Save the hops!

I don’t care about global warming, free trade, or the impact a lower American dollar has on our economy. I’m not a crusader, a preacher, a tree-hugger or an animal lover. I’m a beer drinker and I’m here to warn you that our beloved brew is in danger.
Blame global warming if you like, but bad weather in hops-growing parts of the world like the United States, Australia and Europe, combined with a U.S. dollar on prozac, have led to a worldwide hops shortage.
Who the f**k is Hops and why is he screwing with our beer?
Hops are a type of flower that’s a key ingredient in beer and it’s running out. OK, it’s not running out, but there’s a shortage that’s going to have a defnite impact on our nectar.
At least a quarter of the world’s hops are grown in the U.S. and over the past ten years production has fallen by 30 per cent.
Since the news broke the prices of hops has doubled, and because the American dollar is having performance anxiety issues, brewers across the pond in places like Europe and Asia are buying up hops that are usually only bought by us!
The shortage has some brewers ready to change their recipes to cut down on the use of hops.
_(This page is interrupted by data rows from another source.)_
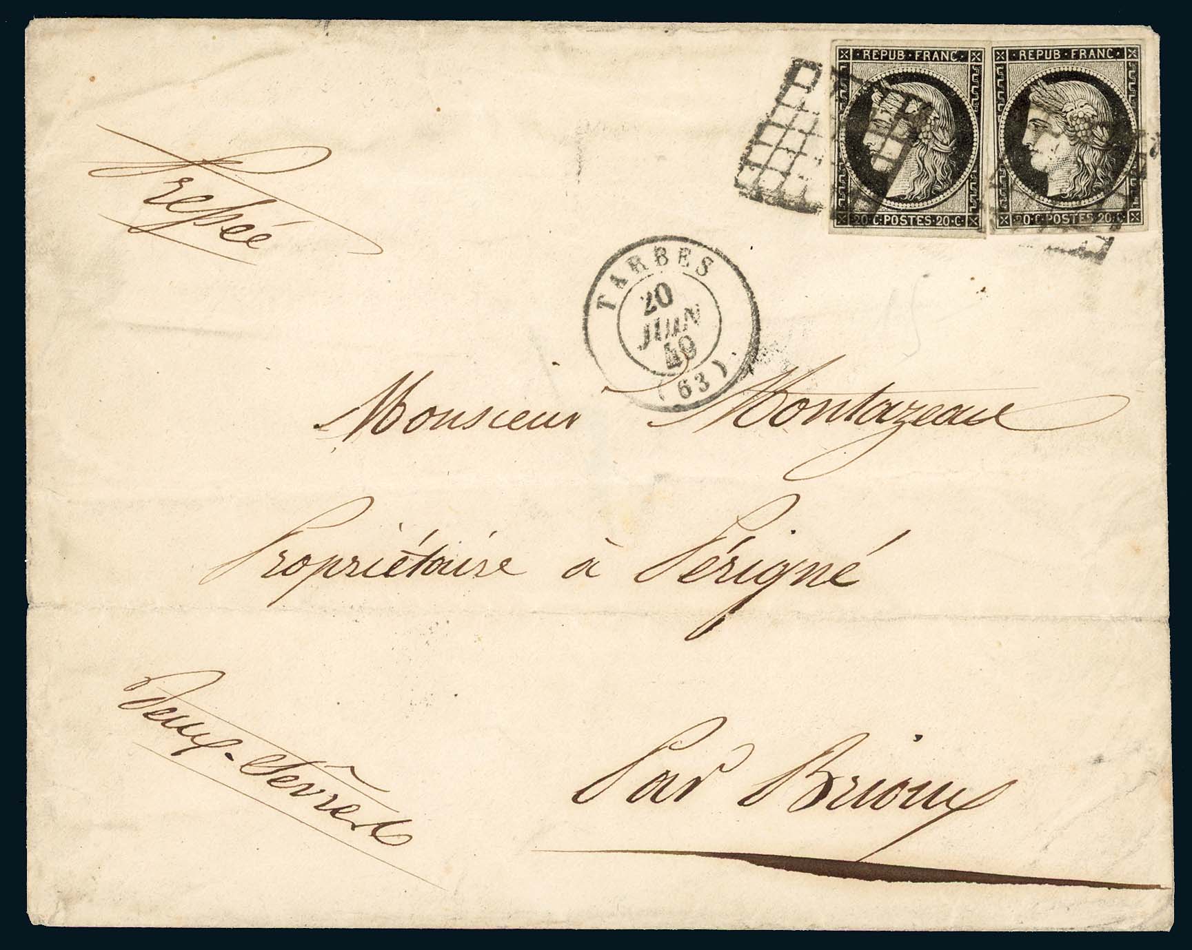 67 | N°3, 2 exemplaires, OB grille, C. TARBES (type 15) sur enveloppe au double port pour Brioux 1849 TB | 50 | 100 | 50 | enchérir | |
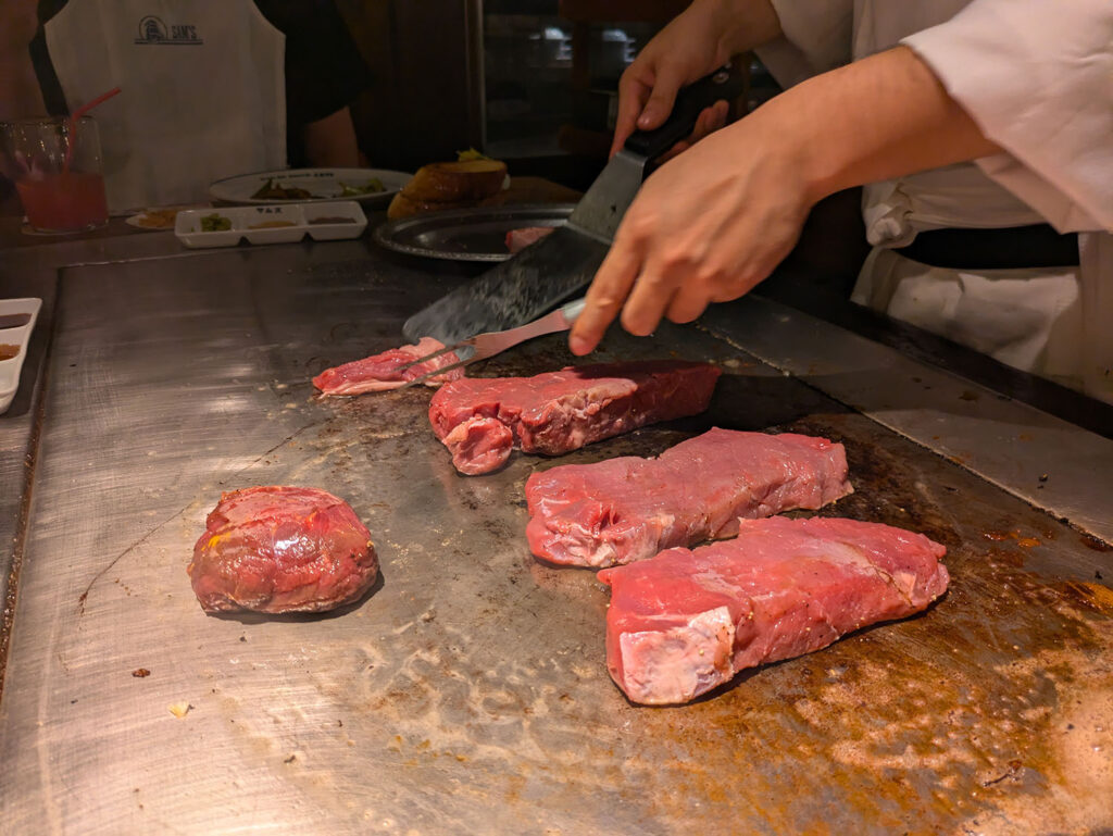 目の前の鉄板で焼いてくれます( *´艸`)
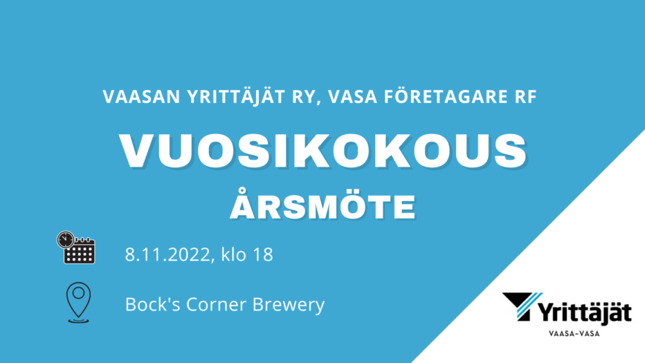 Välkommen på Vasa Företagare rfs årsmöte tisdagen 8.11.2022 till Bocks Corners mötesutrymme Ladan (Gerbyvägen 18) kl. 18.00.
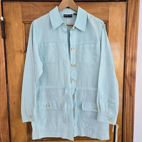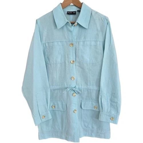 Style & Co. Shirt Women Medium Blue Sea Mist Button
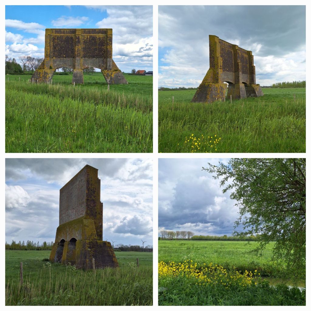 Opmerkelijk: onderweg kwam ik langs een inundatiebank. Het is een hoge bank. Klim je naar boven, dan zitten je voeten net boven het waterpeil van de inundatie.

This could mean beer with a different taste or smell.
In the meantime industry analysts say that some brewers may have no choice but to raise prices by up to ten per cent.
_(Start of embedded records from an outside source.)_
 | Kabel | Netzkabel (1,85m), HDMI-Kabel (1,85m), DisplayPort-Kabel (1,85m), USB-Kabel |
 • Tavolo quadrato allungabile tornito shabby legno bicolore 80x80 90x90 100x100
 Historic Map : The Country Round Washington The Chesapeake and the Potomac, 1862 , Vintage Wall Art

Larger brewers like Labatt and Molson should be safe for now, because they buy in bulk and are under contract, but at this rate even they’ll have no choice but to rethink their recipes and/or up their prices.
In all the doomsday scenarios spread by global-warming pamphleteers, nothing was ever said about it screwing with my brew.
We have to organize, mobilize, and use our powers combined or something.
Let this be a warning to you people – bad tidings are coming for us and our beer.
Give me beer or give me death!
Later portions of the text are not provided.